# What is expected
Below, find the line containing "Pool Closed No" and the line containing "This week we"; reproduce exactly those two and every line between them, omitting pictures.

# Data in this exercise
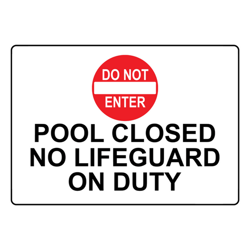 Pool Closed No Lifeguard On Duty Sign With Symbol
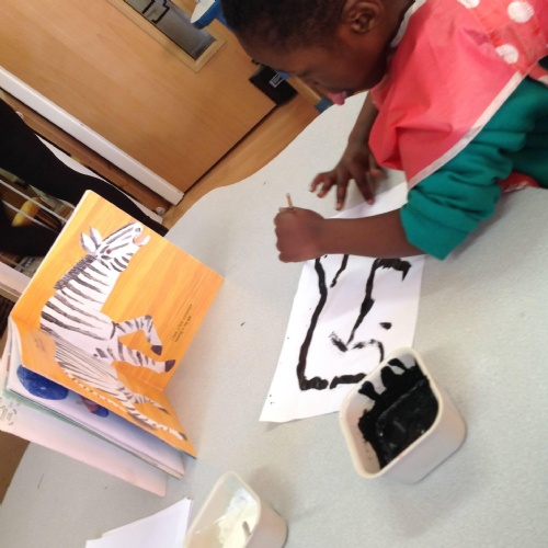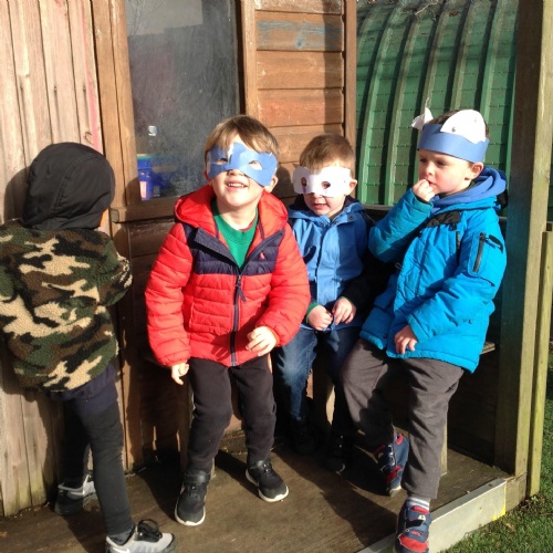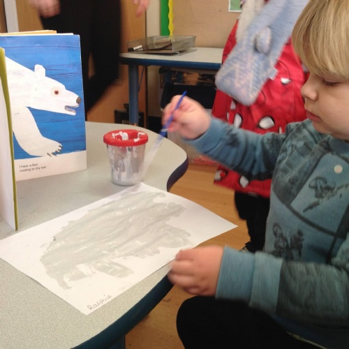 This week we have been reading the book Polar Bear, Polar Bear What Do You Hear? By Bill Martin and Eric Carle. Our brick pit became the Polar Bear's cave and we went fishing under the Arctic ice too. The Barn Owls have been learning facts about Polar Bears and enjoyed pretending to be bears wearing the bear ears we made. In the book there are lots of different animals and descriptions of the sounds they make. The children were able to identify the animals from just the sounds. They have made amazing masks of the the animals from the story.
* * *
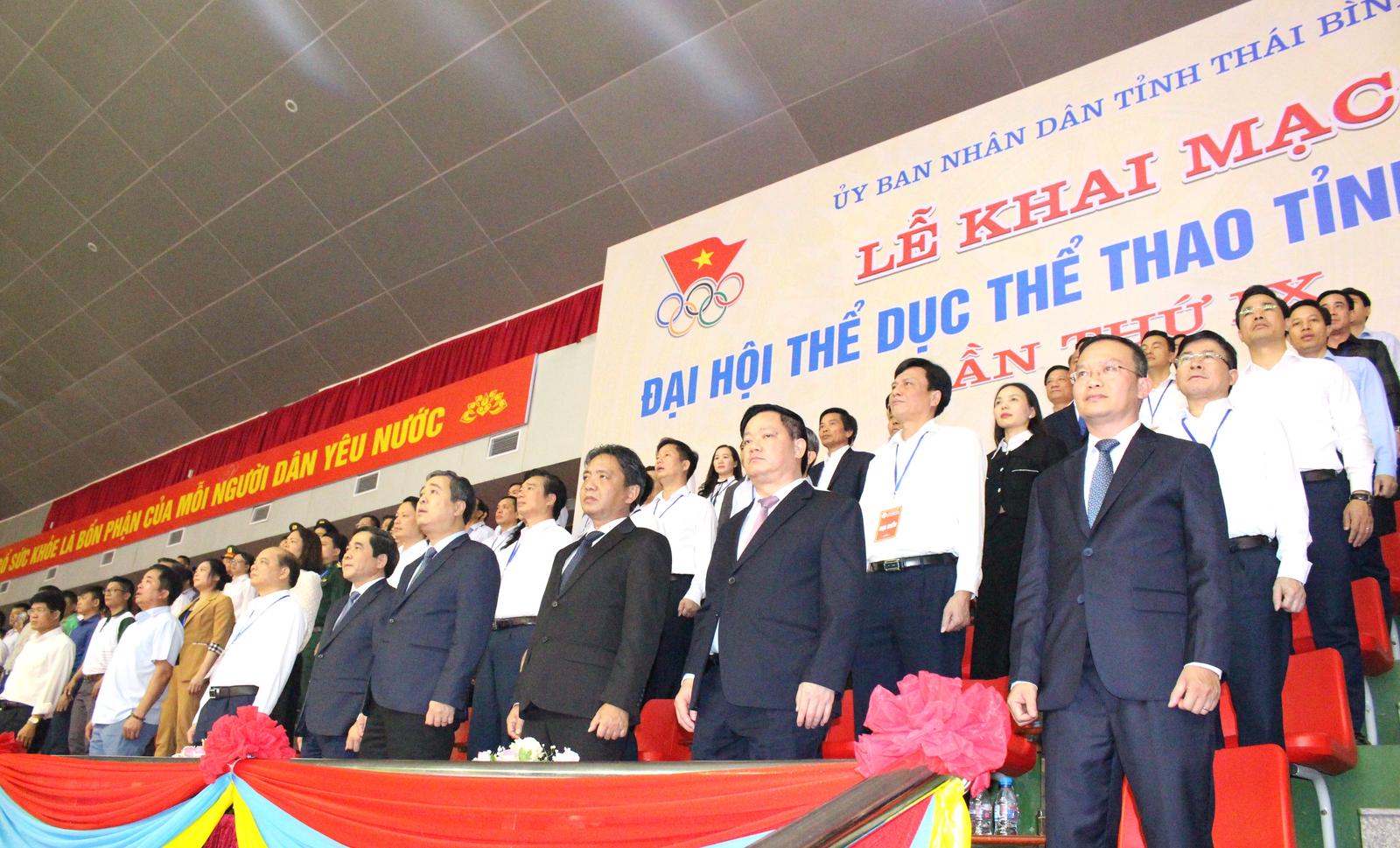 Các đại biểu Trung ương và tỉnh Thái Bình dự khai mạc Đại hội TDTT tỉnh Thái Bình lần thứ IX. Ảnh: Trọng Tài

# Response to the task
 Pool Closed No Lifeguard On Duty Sign With Symbol
 This week we have been reading the book Polar Bear, Polar Bear What Do You Hear? By Bill Martin and Eric Carle. Our brick pit became the Polar Bear's cave and we went fishing under the Arctic ice too. The Barn Owls have been learning facts about Polar Bears and enjoyed pretending to be bears wearing the bear ears we made. In the book there are lots of different animals and descriptions of the sounds they make. The children were able to identify the animals from just the sounds. They have made amazing masks of the the animals from the story.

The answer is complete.